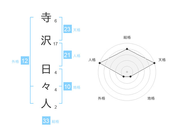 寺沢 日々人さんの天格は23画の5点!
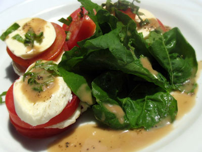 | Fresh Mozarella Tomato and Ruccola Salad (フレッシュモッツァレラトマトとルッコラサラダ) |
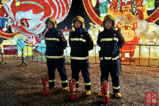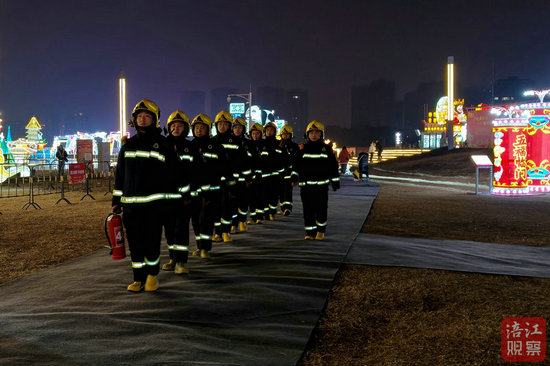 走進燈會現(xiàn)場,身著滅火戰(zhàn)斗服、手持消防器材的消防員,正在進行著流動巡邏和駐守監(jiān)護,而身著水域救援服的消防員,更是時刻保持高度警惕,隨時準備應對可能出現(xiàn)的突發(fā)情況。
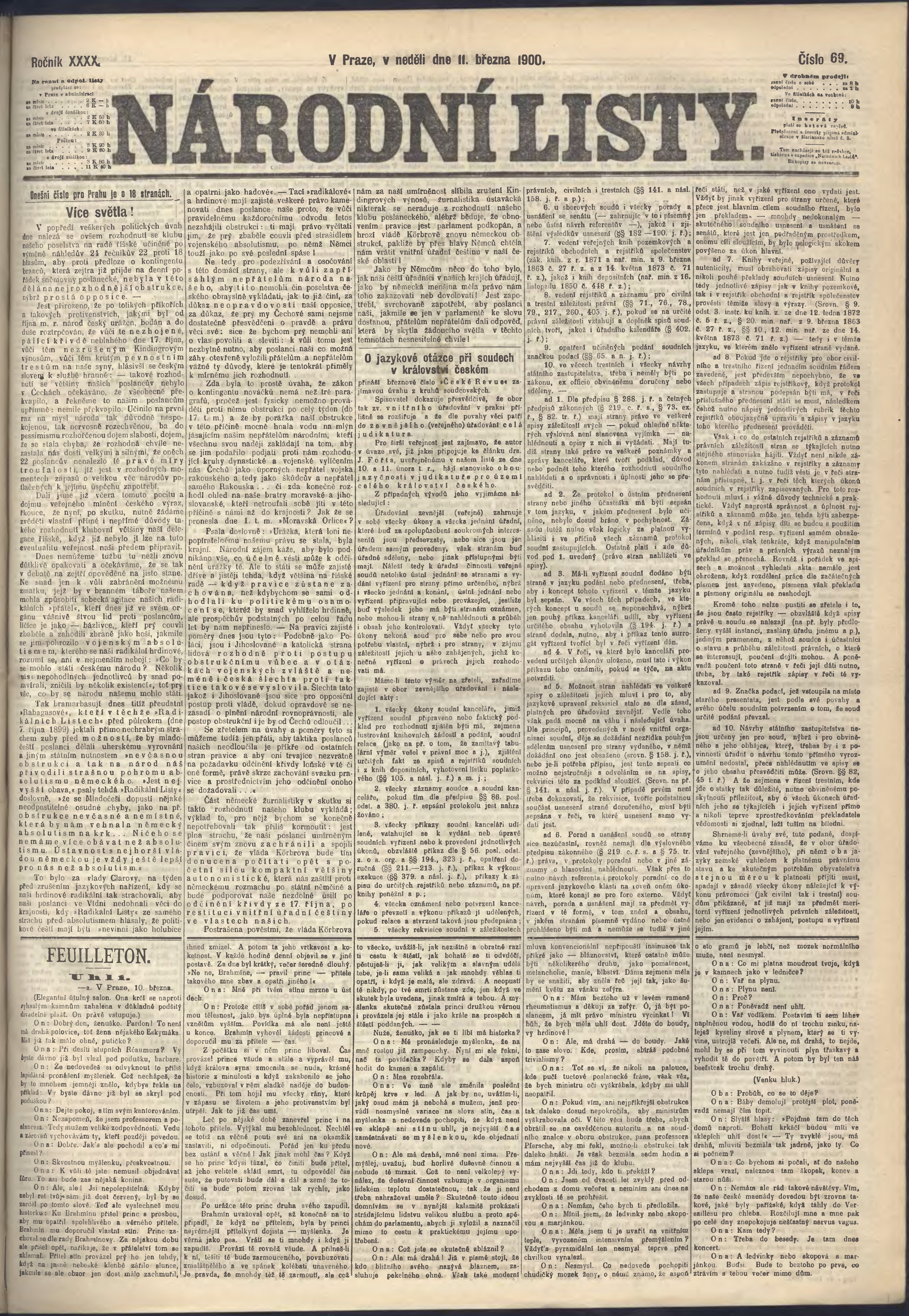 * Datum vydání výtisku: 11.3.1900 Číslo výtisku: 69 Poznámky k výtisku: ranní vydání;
* * *
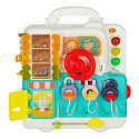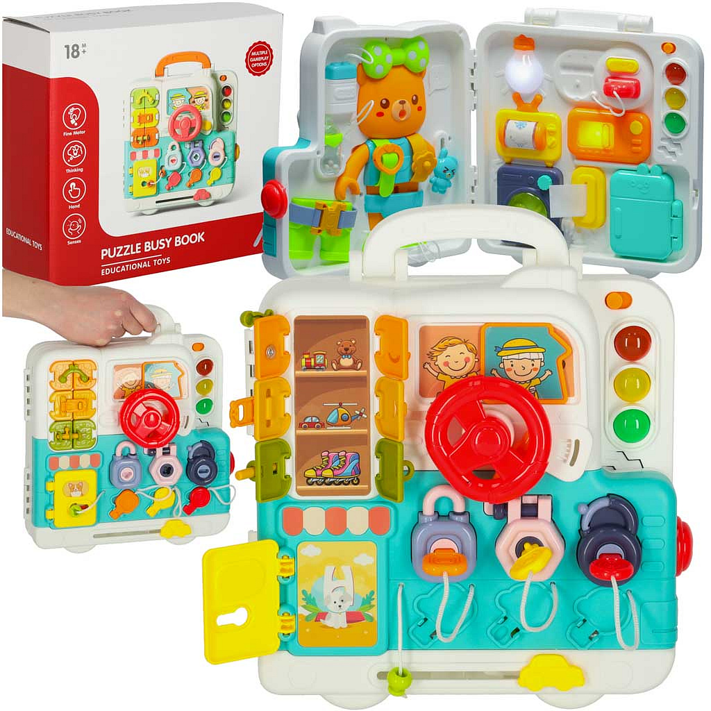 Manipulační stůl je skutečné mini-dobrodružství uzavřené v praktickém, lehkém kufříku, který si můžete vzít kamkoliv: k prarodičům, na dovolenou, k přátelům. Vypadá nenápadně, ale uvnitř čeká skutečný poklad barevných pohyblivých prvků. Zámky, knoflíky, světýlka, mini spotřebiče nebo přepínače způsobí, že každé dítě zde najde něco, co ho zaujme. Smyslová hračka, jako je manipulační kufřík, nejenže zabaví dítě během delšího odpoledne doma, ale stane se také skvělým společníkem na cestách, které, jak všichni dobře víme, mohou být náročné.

*Task objective:* Please set down, exactly and with no pictures, the lines in the entries above starting at the one holding "寺沢 日々人さんの天格は23画の5点!" and ending at the one holding "výtisku: ranní vydání;", ends included.

*Expected output:*
 寺沢 日々人さんの天格は23画の5点!
 | Fresh Mozarella Tomato and Ruccola Salad (フレッシュモッツァレラトマトとルッコラサラダ) |
 走進燈會現(xiàn)場,身著滅火戰(zhàn)斗服、手持消防器材的消防員,正在進行著流動巡邏和駐守監(jiān)護,而身著水域救援服的消防員,更是時刻保持高度警惕,隨時準備應對可能出現(xiàn)的突發(fā)情況。
 * Datum vydání výtisku: 11.3.1900 Číslo výtisku: 69 Poznámky k výtisku: ranní vydání;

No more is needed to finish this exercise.